Аристархов берет у меня тангенту и просит перевести «Сыча», командира разведроты, в закрытый канал. Через минуту сквозь треск прорывается голос: «Дозор, я Сыч, прием!»
— Сыч, я Сыщик, прими адресок и с группой туда побыстрее, забирайте всех и все, что там найдете.
После разговора я перевожу станцию на боевой канал, и сразу же прилетает сообщение: на элеваторе вдалеке замечен человек в гражданском со снайперской винтовкой.
Аристархов долго не думает: «Уничтожить! Как они мне все надоели!» Где-то в километре раздается глухой стук КПВТ, потом два удара, шипение реактивных гранат и глухие взрывы. Все затихает.
— На сегодня всё, — бросает начальник разведки, — всем сбор, по машинам. Едем в бригаду.
Уже в БТР мне становится страшно, хочется, чтобы быстрее стали видны бетонные блоки нашего КПП и металлические конструкции ангаров завода, на котором мы стоим.
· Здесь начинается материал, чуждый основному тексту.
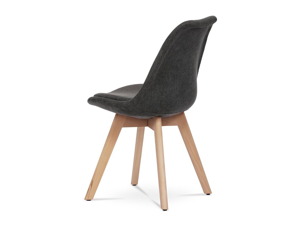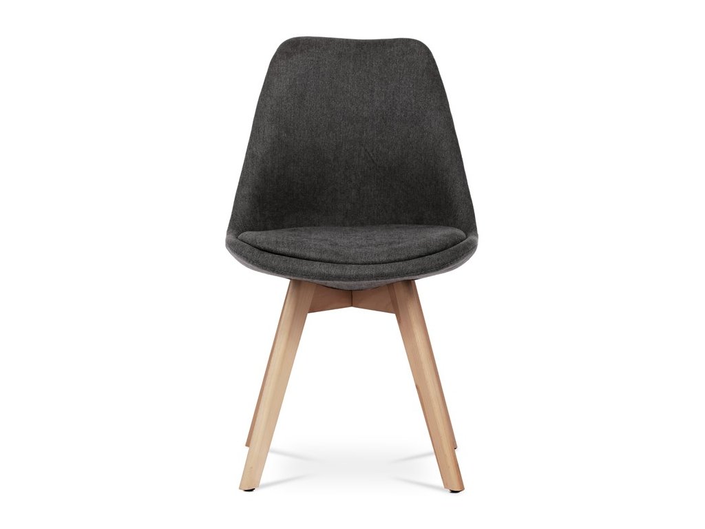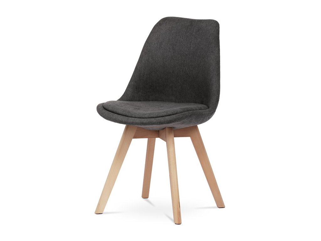 Jídelní židle s tvarovaným čalouněným korpusem v šedé barvě, vybavená pohodlným polstrovaným sedákem, který ladí s opěrkou. Nohy jsou vyrobeny z bukového masivu v přírodním odstínu, dodávající židli stabilitu a estetický kontrast. Židle je navržena s ohledem na pohodlí i styl, což ji činí ideální volbou pro moderní interiéry. Plastové kluzáky na nohách zajišťují ochranu podlahové krytiny před poškozením. Díky svému elegantnímu skandinávskému designu je vhodná do kuchyní, pracoven i obývacích pokojů.

Я на автомате передаю боеуправлению контрольные точки, вот уже поворот на бригаду. В голове пульсирует только одна мысль: всё, всё, всё, это всё. Вот я уже на месте зарядки оружия, отстегиваю магазин и засовываю в карман разгрузки, контрольный спуск, предохранитель, автомат стволом вниз и на узел. Сдаю дежурному «калаш» и магазины и только теперь замечаю загадочные улыбки сослуживцев:
— Ну, рассказывайте уже, чего?
— Во-первых, разведка еще до вашего возвращения накрыла этот притон. Разнесли там всех наглухо, изъяли видеокассеты с подрывами, радиостанции, пару автоматов и «Муху». Но это ладно, — рассказывает мне дежурный радист Виталя. — Подтвердили отправку нашей партии. Улетаем шестого мая, всё, через неделю ровно домой. С ЦБУ спускается худой Рамиль Губайдуллин, он слышал в эфире все наши переговоры, в курсе всего и один из первых узнал про партию.
— Я вам еще добавлю, сейчас молодые на сводняке уже, все прикомандированные, не из нашей бригады, но из Московского округа. Теперь всё, нас на сохранение, а новеньких переводят в роту.
— А куда их? Мест же нет спальных, всё под завязку.
— Уже тепло, командир приказал ставить палатку прямо на узле связи. Тут и разместим. Потом мы домой, а они в здание.
— Ладно, Рамиль, пошли в столовку пожуем уже, а то ведь ты, считай, вместе с нами был, а жрать хочется — сил никаких нет.
— Да, слышал все, я бы, наверное, обосрался, кому надо перед дембелем-то болванки обезвреживать? Вы с Бабаем отморозки. Меня от волнения до сих пор трясет и слона сожрать готов.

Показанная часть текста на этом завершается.